▽

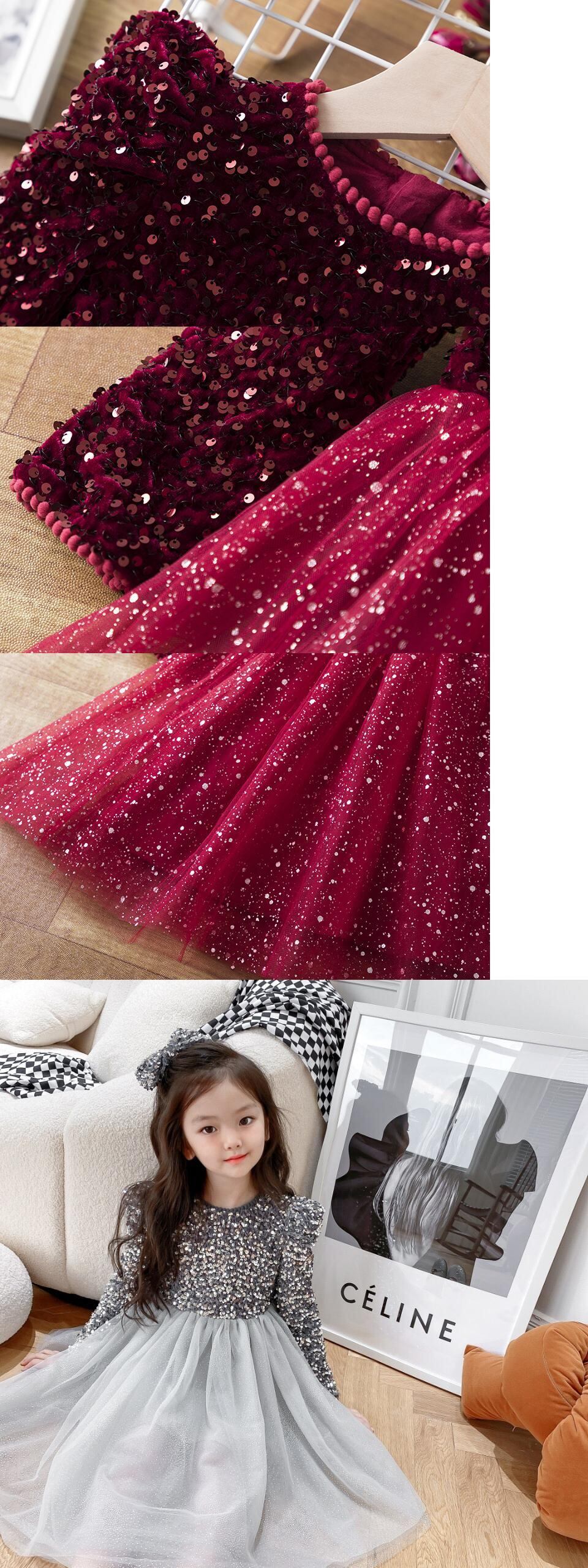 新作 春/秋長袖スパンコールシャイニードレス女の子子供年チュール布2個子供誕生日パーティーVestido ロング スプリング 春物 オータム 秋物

△
▽

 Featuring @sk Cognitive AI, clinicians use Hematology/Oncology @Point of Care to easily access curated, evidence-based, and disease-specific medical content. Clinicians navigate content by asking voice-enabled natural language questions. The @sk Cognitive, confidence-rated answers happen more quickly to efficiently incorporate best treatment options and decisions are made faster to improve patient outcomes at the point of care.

△
▽

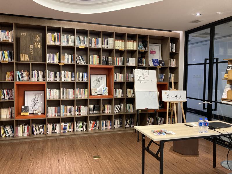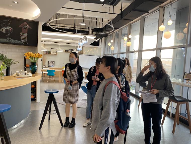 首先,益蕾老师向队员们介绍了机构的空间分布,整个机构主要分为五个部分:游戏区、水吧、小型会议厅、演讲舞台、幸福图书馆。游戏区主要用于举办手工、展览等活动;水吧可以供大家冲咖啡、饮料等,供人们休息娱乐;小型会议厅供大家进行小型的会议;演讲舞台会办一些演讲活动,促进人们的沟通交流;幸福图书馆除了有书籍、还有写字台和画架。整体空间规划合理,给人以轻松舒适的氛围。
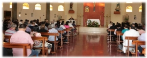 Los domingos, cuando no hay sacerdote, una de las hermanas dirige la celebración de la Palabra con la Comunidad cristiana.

△

* What is expected: Give again the stretch of lines above from the one with "首先,益蕾老师向队员们介绍了" through the one with "Los domingos, cuando", both ends kept, and copy no pictures.

* Response to this exercise:
 首先,益蕾老师向队员们介绍了机构的空间分布,整个机构主要分为五个部分:游戏区、水吧、小型会议厅、演讲舞台、幸福图书馆。游戏区主要用于举办手工、展览等活动;水吧可以供大家冲咖啡、饮料等,供人们休息娱乐;小型会议厅供大家进行小型的会议;演讲舞台会办一些演讲活动,促进人们的沟通交流;幸福图书馆除了有书籍、还有写字台和画架。整体空间规划合理,给人以轻松舒适的氛围。
 Los domingos, cuando no hay sacerdote, una de las hermanas dirige la celebración de la Palabra con la Comunidad cristiana.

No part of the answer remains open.